An example for a derived anatomical character state is the concentric arrangement of laticifers, which is, according to our analysis, an evolutionary modification of the ancestral radial arrangement (Figure 3a). The concentric arrangement is a synapomorphy of both the Crepidinae and the Hypochaeridinae. Although an anatomically conspicuous feature, parallel origins disqualified the concentric arrangement of laticifers as an independent diagnostic character state. Another analogous illustrative example is the parallel origin of multilayered phellem in Scorzonera and Lactuca (Figure S2). However, the optional origin of irregular vessel arrangement (Figure 3b) and of faint pits (Figure S2) at the basis of the clade joining the Hyoseridinae, Crepidinae, Lactucinae, and Hypochaeridinae may constitute autapomorphies (i.e., derived unique characters defining a monophyletic group or tip branch), thereby supporting the DNA-molecular-based phylogeny. The potential value of anatomical characters in phylogenetic reconstruction is also seen from homoplasy indices lower than the overall hi inferred for the molecular reconstruction for some anatomical characters (Table 2). Similar patterns have been demonstrated (although with different degrees of homoplasy) for other anatomical [38,55] as well as morphological characters (e.g., [56]). Coincidence of the molecular and anatomical phylogenetic signal has also been demonstrated by [57], who found a basal lineage joining the majority of the Maloideae taxa (Rosaceae) supported by both nrDNA and a type of sclereids arrangement in fruit flesh. Another example is the study of root anatomy of the subfamily Cranichideae (Orchidaceae) by [50], who found tilosome distribution phylogenetically informative.

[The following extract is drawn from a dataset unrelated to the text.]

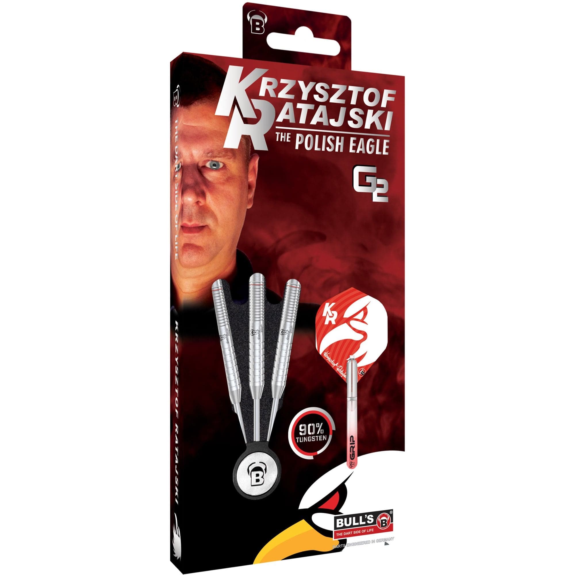 BULL'S Krzysztof Ratajski Steel Tip Darts - Generation 2 - 90% Tungsten. Features: 90% Tungsten Barrels, 1 Set of Bull's Flights, 1 Set of Bull's Shafts.

However, our results demonstrated a difference in the evolutionary dynamics of state changes among characters and importantly in phylogenetic information of characters. A conspicuous feature in the evolution of anatomical root characters was the high frequency of parallel origins and reversals of character states observed within all subtribes and, to a lesser extent, genera. Variability in the character state was observed both among as well as within species and can be explained by replacement of character states as anatomical differences in time (i.e., as a result of the evolutionary fixation of character changes) and space (i.e., variation among extant individuals), respectively. Examples for complex patterns of character distribution due to intraspecific variation are the dominance of tissues in root cross-sections (Figure 3c) and vessel perforations (Figure S2). The extent of tissue is a quantitative character, and differential promotion vs. suppression of tissues may explain the high intra- and interspecific variability. In spite of that variation among and within species dominating the picture, uniform character expression was observed for the Scorzonerinae (eight uniform characters), Crepidinae (7), Lactucinae (4), Hypochaeridinae (3) as well as the Cichoriinae (11). Since only a limited number of the known species and genera of the Cichorieae could be included in this study, the inferred degrees of character homoplasy will be underestimated.